Тургенев жил более жизнью открытою и внешнею; хотя и он (греха таить нечего) любил иногда пускать пыль в глаза, но ничего не было в нем подготовленного, заранее придуманного. Скажем напрямик: шарлатанские выходки его были, по легкомыслии его, невинно-забавны и даже милы. Чадаев рисовался серьезно и с некоторым благоговением смотрел на подлинник, в который преображался. Он был гораздо умнее того, чем он прикидывался. Природный ум его был чище того систематического и поучительного ума, который он на него нахлобучил. Не будь этой слабости, он остался бы замечательным человеком и деятелем на том или на другом поприще. Чадаев, особенно в Москве, предначертал себе план особничества и ни на волос, ни на йоту от него не отступал. Тургенев был рассеян, обмолвливался иногда нечаянно, иногда умышленно, но всегда забавно и часто остроумно. Чадаев был всегда погружен в себя, погружен в созерцание личности своей, пребывал во внимательном прислушивании к тому, что сам скажет. Он был доктринер, преподаватель с подвижной кафедры, которую переносил из салона в салон. Тургенев был увлекательный собеседник, вмешивался в толпу и сгоряча и наобум говорил все, что родится и мелькнет в голове его. Чадаев был ума и обхождения властолюбивого. Он хотел быть основателем чего-то. Он готов был сказать и, вероятно, говорил себе, в подражание Людовику XIV: моя философия, это я! Между тем, если он имел довольно слушателей (потому что говорил хорошо и что в Москве, на досуге, любят слушать), он, кажется, не создал себе адептов и единоверцев. Разве между дамами имел он несколько крылошанок и неофиток. Тургенев был ручнее, общедоступнее его. И положение его в обществе было, так сказать, блистательнее. Чадаев, при всей приязни своей, смотрел на него свысока. Пуританизм его смущался развязностью Тургенева; он осуждал некоторое легкомыслие его и отсутствие в нем всякого формализма и обрядного священнодействия.

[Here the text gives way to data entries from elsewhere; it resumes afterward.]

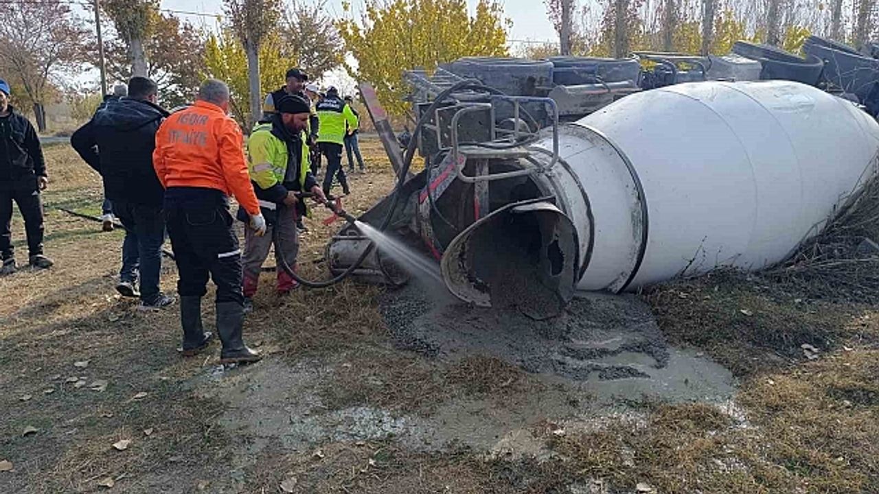 Iğdır'da inşaat için beton götüren beton mikseri bahçedeki çukurdan dolayı yan yattı, beton mikseri araç içindeki beton boşaltılarak kaldırıldı.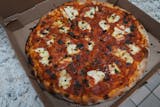 Thin Sicilian-like crust, topped with shredded mozzarella, a drizzle of our special garlic blend, and finished with strips of our fresh basil flakes.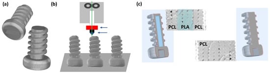 For the fabrication of the 3D-printed parts, the design of the 3D structures was achieved by using a computer-aided design (CAD) software (Figure 2). To illustrate the feasibility of this strategy, a screw structure was employed as a model. The models were printed by fused deposition modeling (FDM) either using exclusively PCL or combining an internal PLA structure and an external PCL structure. The rationale behind this selection of degradable materials relies on different aspects. First, the biocompatibility of both materials (FDA approved) enable us to test these parts for their use in biomedical purposes []. Secondly, PCL is non-toxic and tissue compatible, and hence widely used as absorbable sutures, as scaffolds in regenerative therapy, and in drug delivery applications. PCL exhibits a longer degradation time (2–3 years) in comparison to PLA and is degraded by microorganisms or by hydrolysis of its aliphatic ester linkage under physiological conditions [,]. Third, PCL has been previously employed in our group and successfully foamed by using the SCCO2 approach and surface treated with the breath figures methodology []. Finally, PCL and PLA present, in terms of mechanical properties, very different behaviors. At physiological temperature, the semi-crystalline PCL attains a rubbery state resulting in its high toughness [] and high elasticity. PLA, in contrast, is rather rigid and breaks upon deformations of 8–10% []. Their combination will enable, as will be depicted later, the fabrication of objects with mechanical properties that can be gradually varied.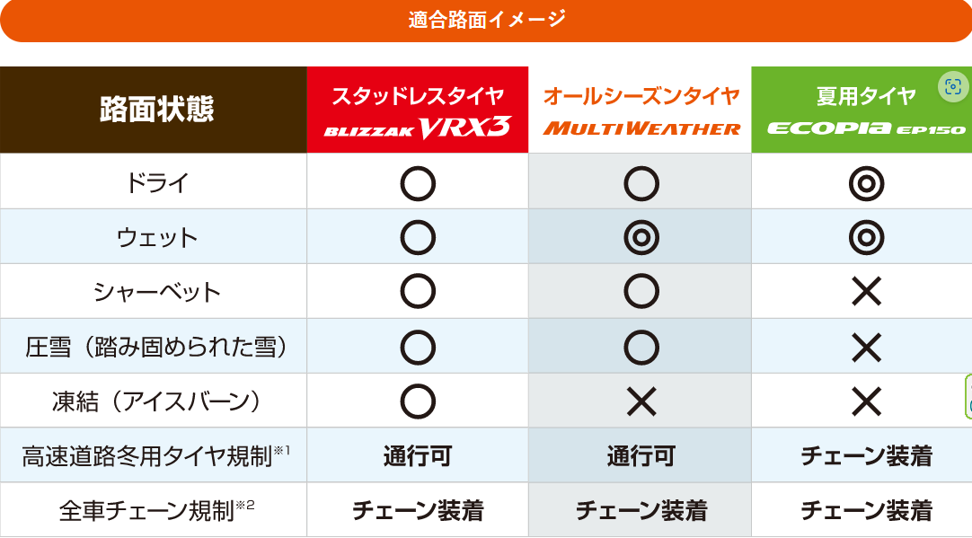 ※ブリヂストンにおける各タイヤの性能特性をイメージした表です。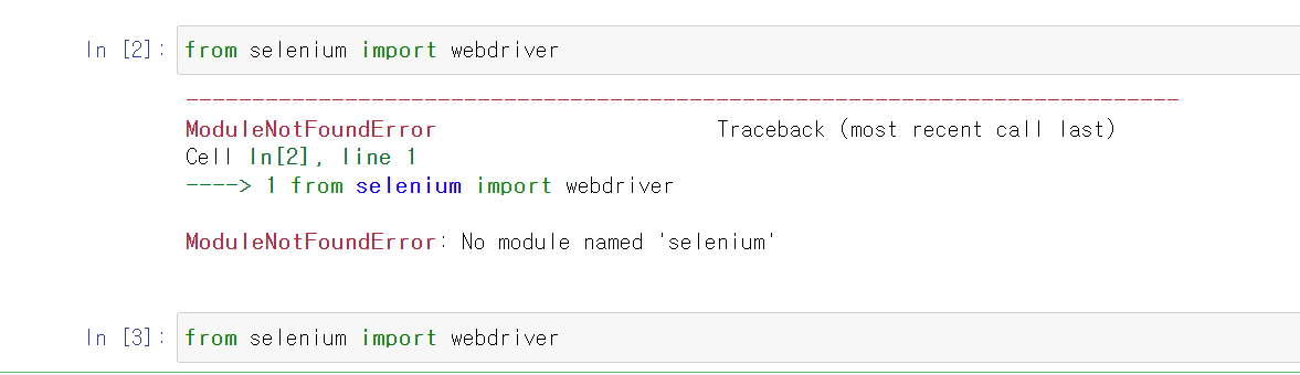 위의 그림과 같이 ModuleNotFoundError : No module named 'selenium'이라고 뜨면 설치가 정상적으로 안된거다.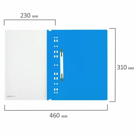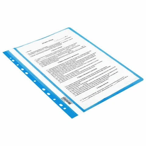 Прозрачный верхний лист позволяет идентифицировать подшитый документ, не открывая скоросшиватель. Сменный пластиковый корешок помогает структурировать информацию. Благодаря фактуре 'песок' и яркому синему цвету обложки папка никогда не затеряется на полке.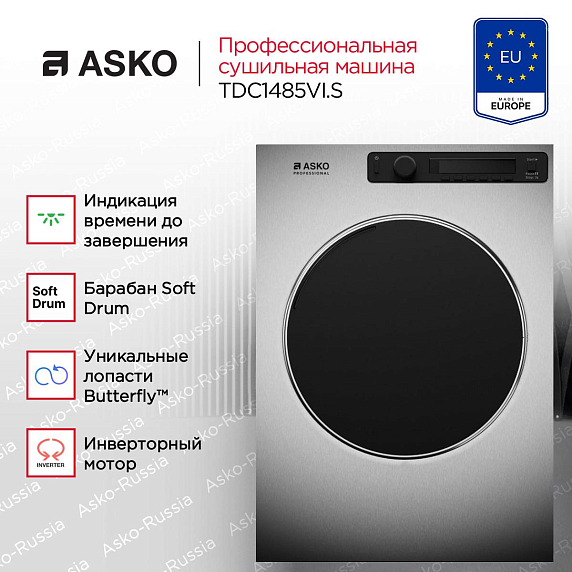 Особенностью прибора является инверторный мотор, который обеспечивает более тихую и энергоэффективную работу. Барабан из нержавеющей стали Soft Drum™ с реверсивным вращением обеспечивает бережное обращение с бельем и равномерное распределение тепла. Устройство оснащено 17 программами сушки, включая автоматические программы, сушку по времени и сушку «под утюг». Также в нем предусмотрена функция таймера отсрочки старта и индикация времени до завершения программы.
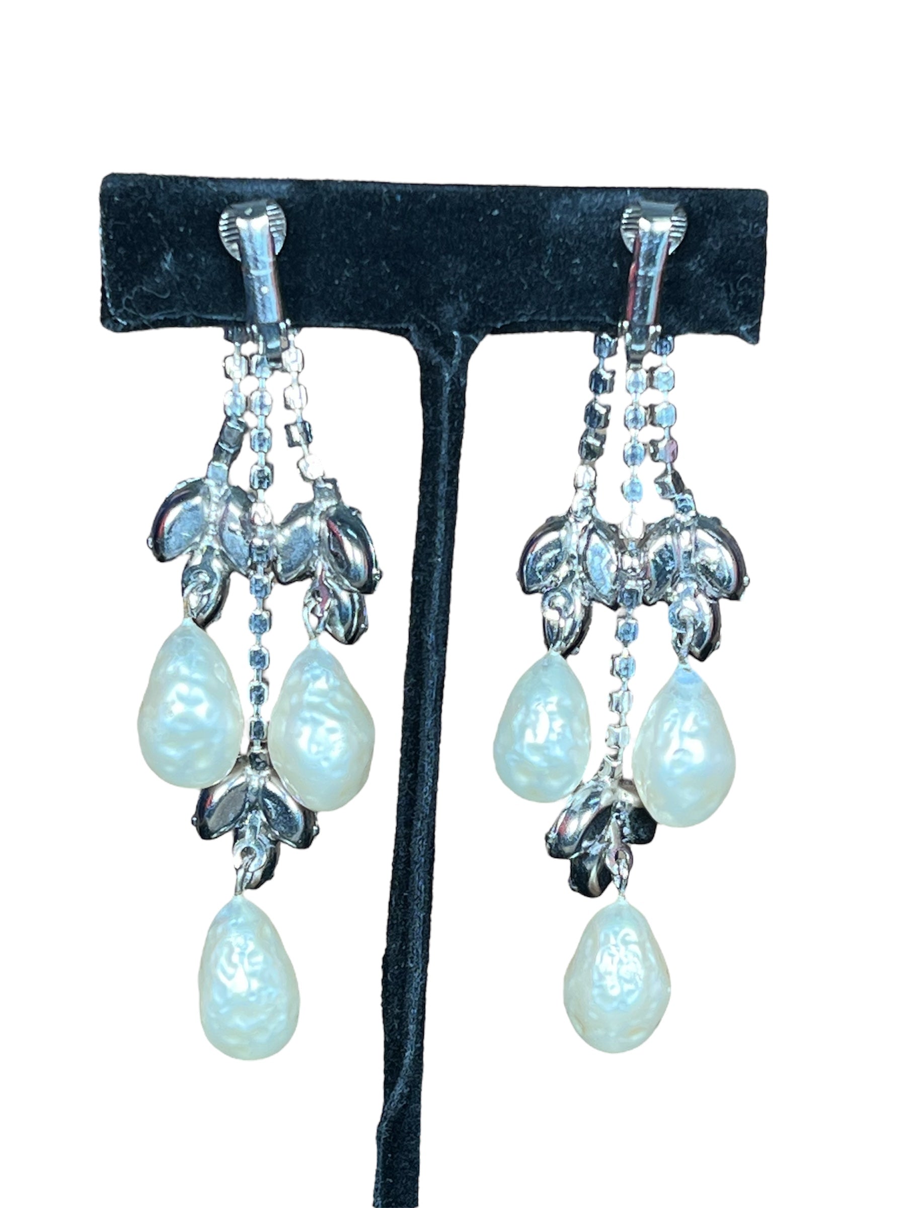 1960s drop earrings. These costume jewelry earrings feature rhinestones and warm-toned, cream, faux pearls. These earrings are clip-ons.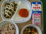 3月14日(木)の給食は、卒業祝い献立でした。赤飯、ふだま汁、骨太サラダ、レンコ...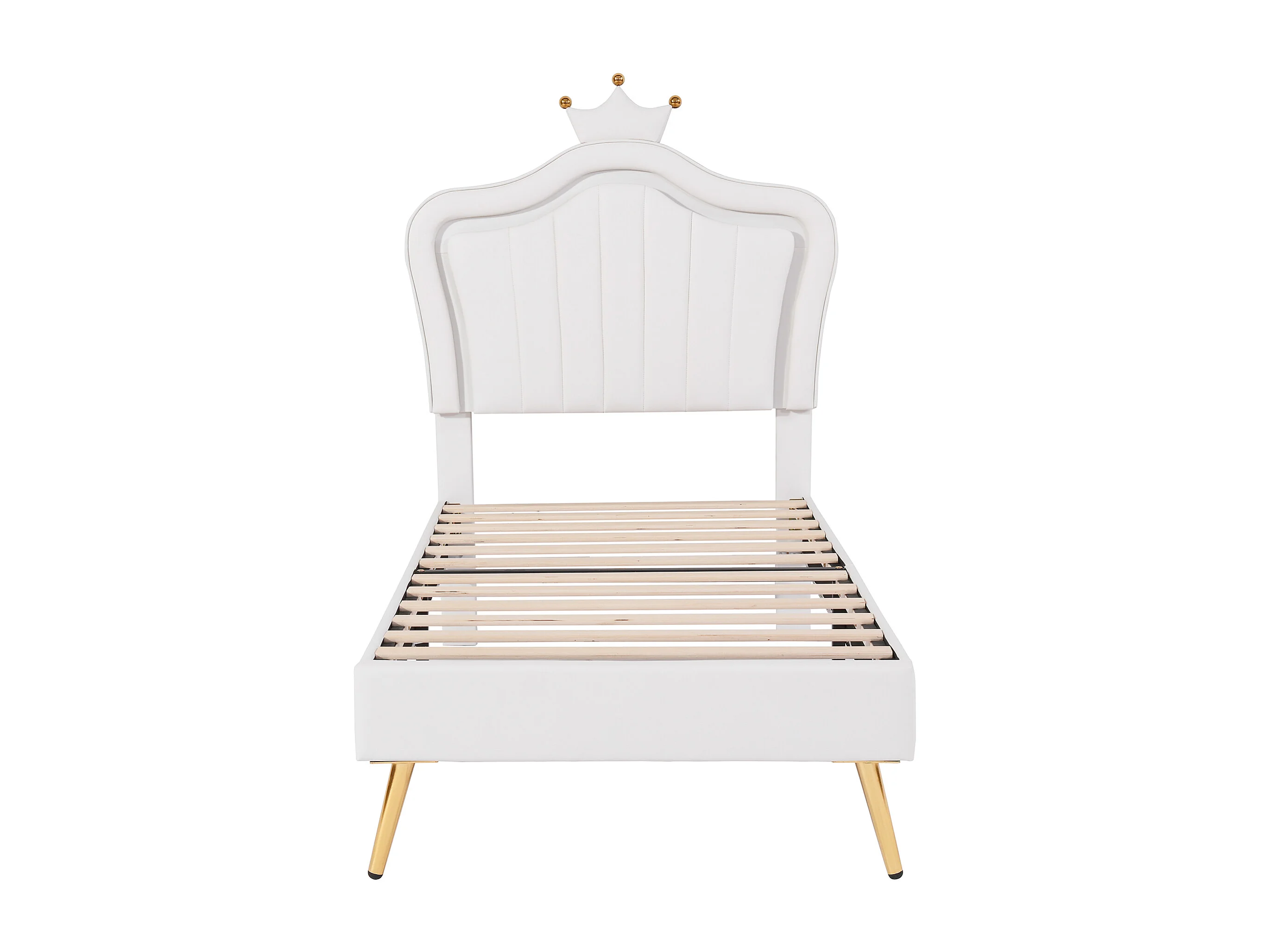 Lit rembourré 90x200 cm, lit fille couronne blanche, PU cuir, LED, tiroirs et sommier inclus

Тютчев забавно рассказывает о письме Чадаева к Тургеневу. Он однажды заманил к себе Тютчева и прочел ему длинную, нравоучительную и несколько укорительную грамоту. Прочитав ее, Чадаев спросил: «Не правда ли, что это напоминает письмо Ж. Ж. Руссо к парижскому архиепископу?» – «А что же, вы – послали это письмо к Тургеневу?» – спросил Тютчев. «Нет, не посылал», – ответил Чадаев. Это характеристическая черта. А вот и другая.
Чадаев очень дорожил своим литографированным портретом и прислал Тютчеву десятка два экземпляров для раздачи в Петербурге и рассылки по Европе. Нашел же он человека для исполнения подобного поручения! Эти экземпляры, кажется, так и остаются нерозданными и нетронутыми у беспечного посредника и комиссионера.
Чадаев назначил один день в неделе для приема знакомых своих в предобеденное время, т. е. от часа до четырех, в доме, им занимаемом на Басманной. Туда с поспешностью и с нетерпением стекались представители различных мнений и нравов. Бывали тут и простые слушатели или зрители даваемых даровых представлений. Иные, чтобы сказать, что и они были в спектакле, другие потому, что сочувствовали развлечениям подобного лицедействия. Утренний салон или кабинет Чадаева, этого Периклеса, по выражению друга его, Пушкина, был в некотором и сокращенном виде Ликей, перенесенный из Афин за Красные ворота. Тут показывались иногда и приезжие из Петербурга, бывшие товарищи и сослуживцы Чадаева, ныне попавшие уже в люди, как говорится. Хозяин бывал очень рад и польщен этими иногородними посещениями. В положении своем, если не совсем опальном, то по крайней мере несколько двусмысленном, он, вероятно, доволен был показать москвичам, что и он что-нибудь да значит в возвышенных общественных сферах.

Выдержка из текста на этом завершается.